This collaboration applies the science of tufa formation within a painterly time-based geological model. The tufa fresco has the potential to function as model that materialises and records the evolving climate-changing concentrations of atmospheric CO2. This tufa system also mimics and expands the geochemistry of fresco painting, with calcification of paint occurring in 3D over time and in response to atmospheric conditions.

Work in progress towards the geomorphic paintings presented within the Cockburn Museum Courtyard corridor windows, September 2025 | © Raewyn Martyn

The project celebrates relationships between experimental painting & geology during the anniversary of Sigmar Polke’s Athanor, and the James Hutton Tercentenary. Polke’s use of geological materials and transformative processes are key to his radical experimental paintings. Meanwhile, Hutton’s radical concepts of geological time and processes have inspired artists to reconsider the transformations of matter that are possible within both arts & sciences.

Cockburn Geological Museum at the Grant Institute, University of Edinburgh, provides visitors with a rich array of political, geological, & ecological provocations, connected to historical & contemporary questions & conversations. Like Polke’s staging of natural and cultural objects, the collection enables and complicates deeper understanding of more-than-human transformations.

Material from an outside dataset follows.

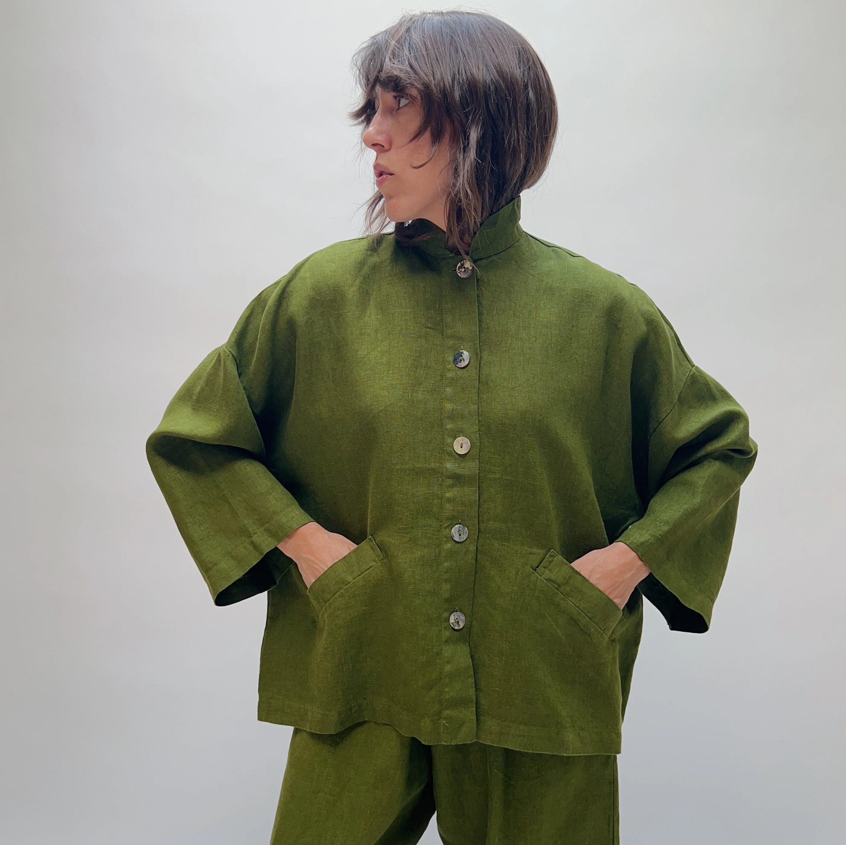 A lovely linen jacket with shell buttons down the front and a standing collar.

The two-part installation at the Cockburn Geological Museum will also be reconfigured for temporary display at the Museum of the Scottish Shale Oil Industry in the future.

This project has been generously supported by the Anna Polke Foundation and the Institute for Advanced Studies in Humanities (IASH) and School of GeoSciences at University of Edinburgh. Additional support has been provided by University of Canterbury, Aotearoa New Zealand and University of Leicester School of Geography, Geology, and the Environment.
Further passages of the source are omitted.